Use 百折不挠 when repeated setbacks are central to the sentence. One ordinary obstacle is not enough. The phrase fits long research, difficult training, recovery after failure, or a team that keeps working after many blocked attempts. It is stronger and more formal than simply saying persistent.
Good translations include resilient after setbacks, unyielding, and refuse to give up. Unyielding can sound heroic but may also sound rigid in English, so check the context. Resilient after setbacks is often safer for modern writing because it preserves both difficulty and recovery.
Do not confuse 百折不挠 with 刻舟求剑. A person can be persistent in the wrong way. 百折不挠 praises endurance toward a meaningful goal, while 刻舟求剑 criticizes clinging to an outdated reference. If the sentence shows repeated effort but no learning, be careful before choosing 百折不挠.
A strong sentence should show the setbacks. Failed applications, repeated experiments, injuries, language mistakes, or business reversals all make the idiom concrete. If there is no visible pressure, the idiom sounds inflated. The phrase earns its force when the reader sees what had to be endured.
Before using 百折不挠, write the plain English idea first. If the plain sentence already says everything naturally, the chengyu must add a sharper judgment, cultural image, or tone. If it does not add one of those, leave the plain wording alone.
A good 百折不挠 sentence contains an object and evidence. The object is the person, plan, habit, result, or scene being judged. The evidence is the reason the phrase fits. Without both parts, the idiom may look learned but feel empty.
Compare 百折不挠 with 水滴石穿 and 守株待兔 before finalizing a sentence. The goal is not to memorize synonyms; the goal is to reject the wrong phrase for a clear reason. That rejection is what turns recognition into usable knowledge.
When teaching or self-reviewing 百折不挠, ask the learner to mark source, meaning, use case, wrong case, and one example. If any mark is missing, return to the entry section that supplies it rather than guessing from the headword alone.
personal resilience is the first test zone for 百折不挠, but it is not the only possible use. Before using the phrase, name the speaker, the object being judged, and the nearest tested context: personal resilience, team effort, language learning, usage boundary, misuse boundary, comparison check, context setup, teacher correction. Then choose among unyielding, resilient after setbacks, refuse to give up as translation candidates and reject at least one candidate out loud. A useful final check is to compare the sentence with shui-di-shi-chuan and po-fu-chen-zhou; if one of those nearby entries explains the situation with less strain, the nearby phrase is the better learner choice.

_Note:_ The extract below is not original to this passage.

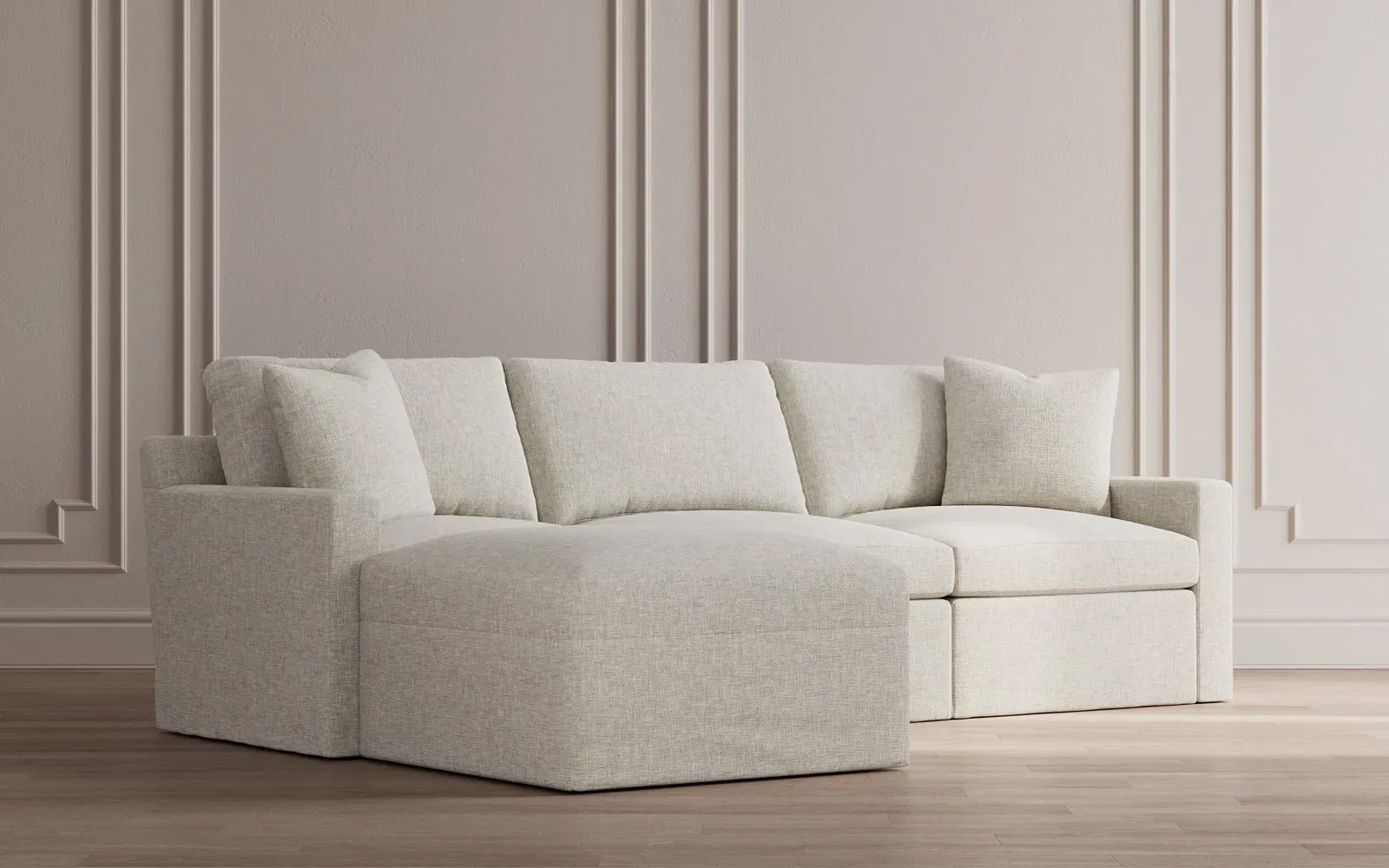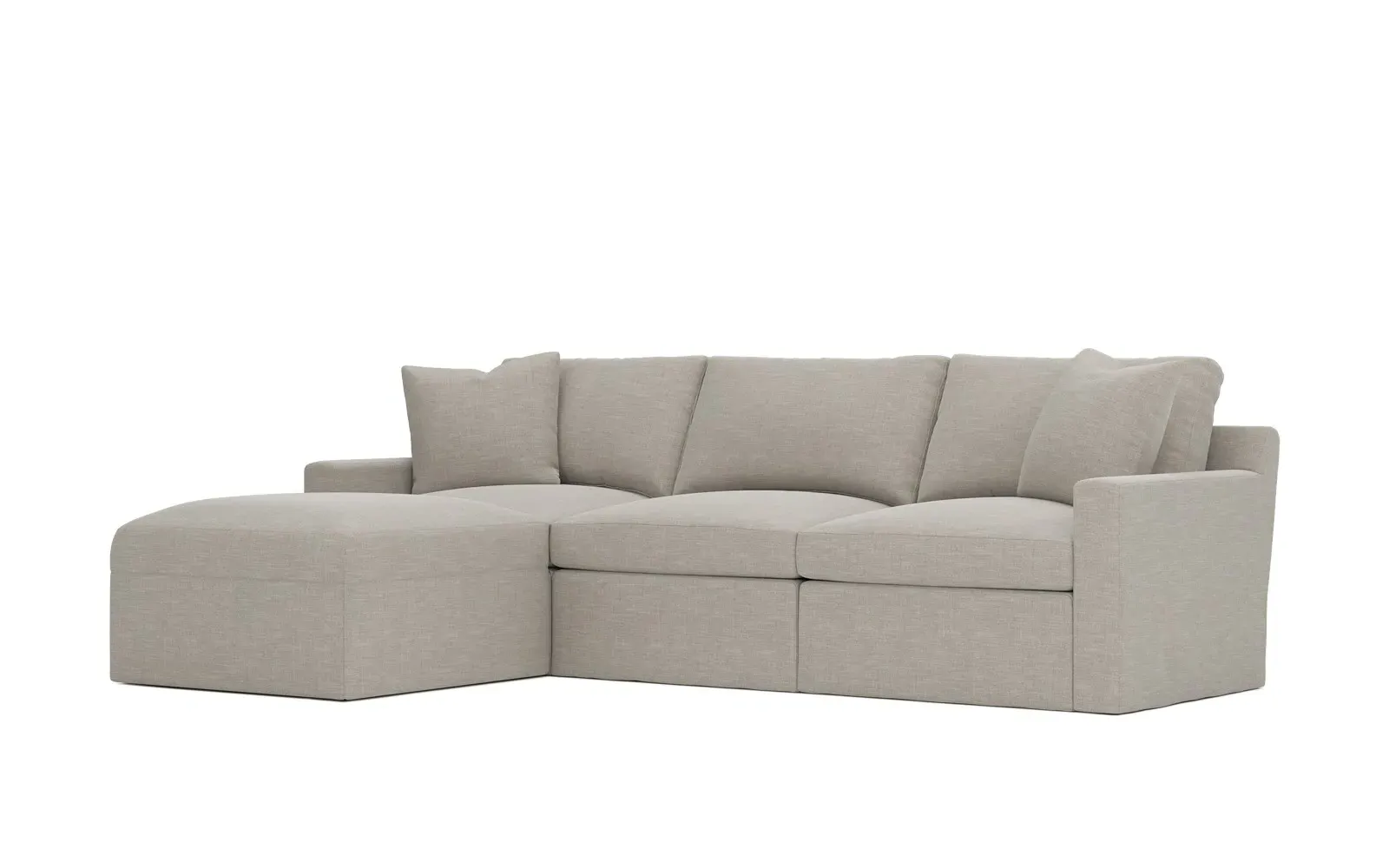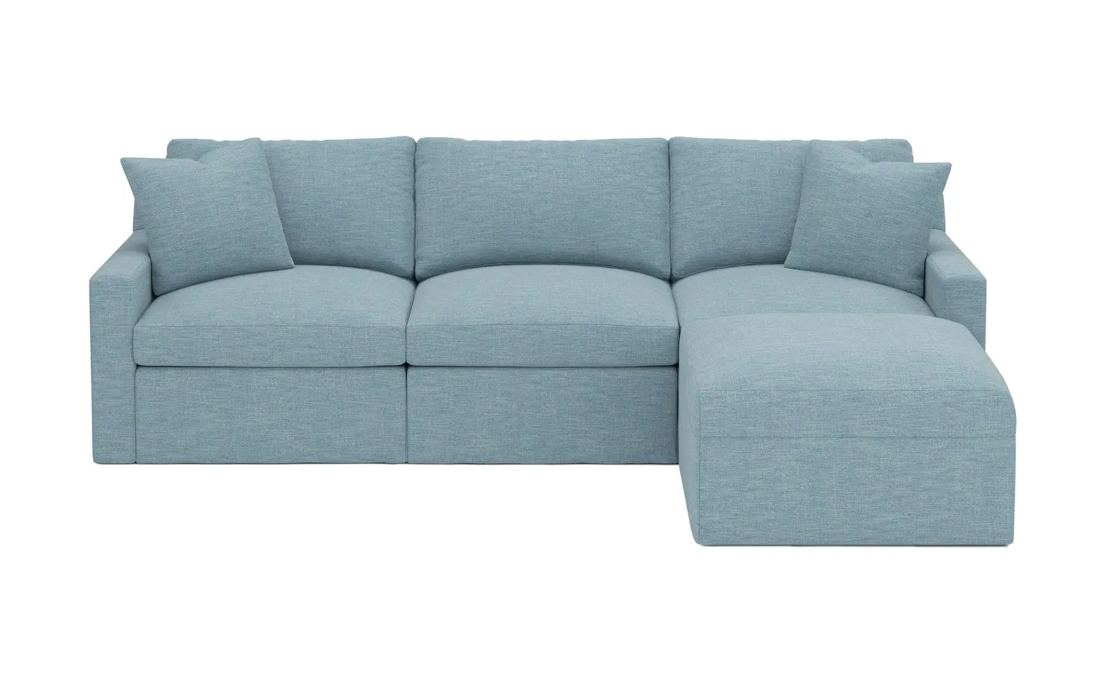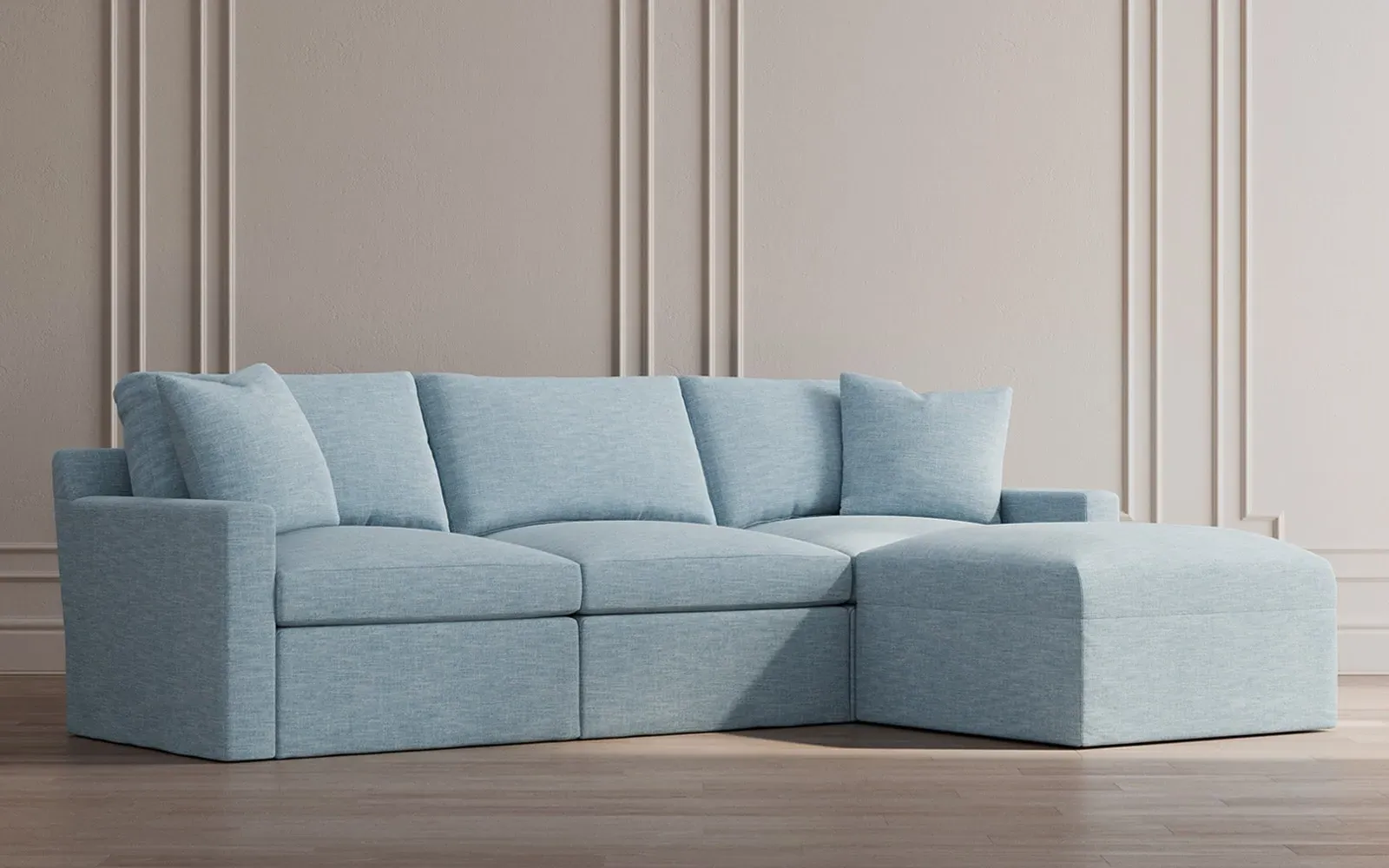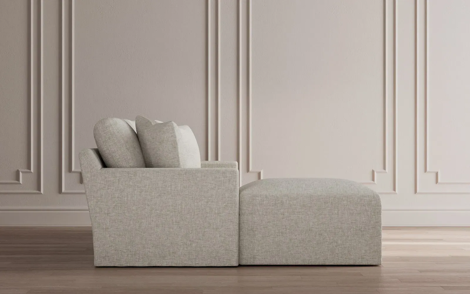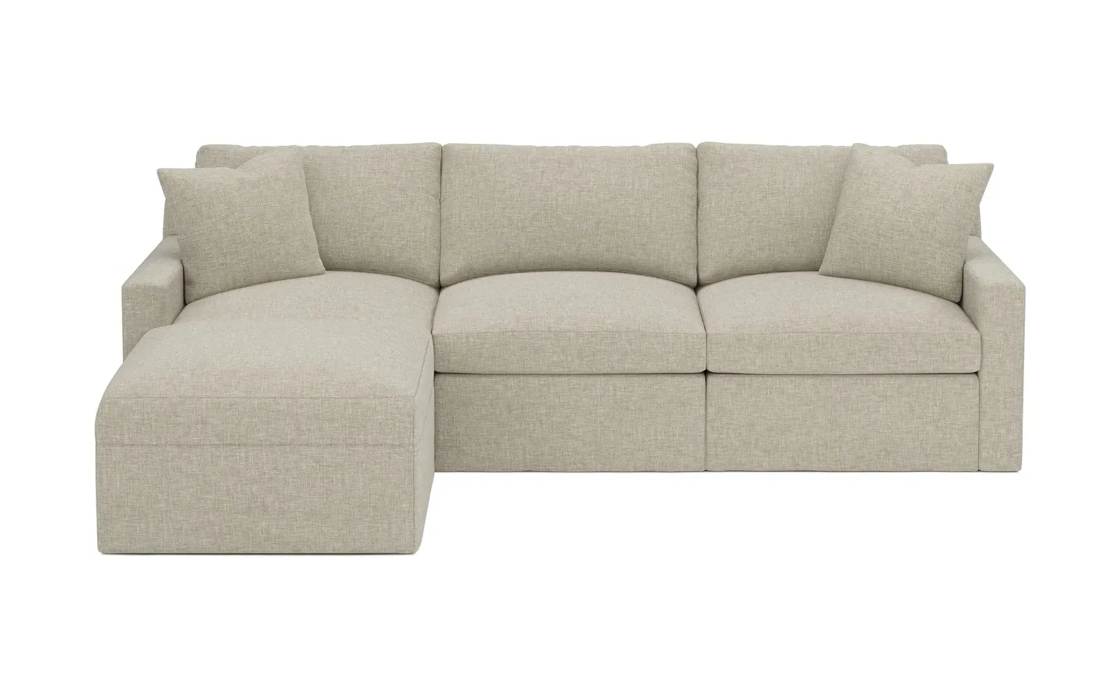 The Kamryn sectional offers versatile seating with its modular 4-piece configuration, featuring an ottoman, corner seat, armless seat, and single seat. Its FSC-certified kiln-dried hardwood frame provides lasting durability, while the espresso-finished legs add stability. The modular design allows for flexible arrangement, and the 24-inch arm height ensures comfortable lounging. W292 x D193 x H94 cm.

When 百折不挠 is translated as unyielding, the English should still preserve the phrase's tone. Keep admiring and determined and the effort use area visible when the audience is still learning the idiom. If a short translation hides the warning "Do not use it for stubbornness when the method is clearly wrong.", choose a fuller English explanation instead. This matters because the strongest chengyu pages should help readers decide when not to use the most convenient English equivalent.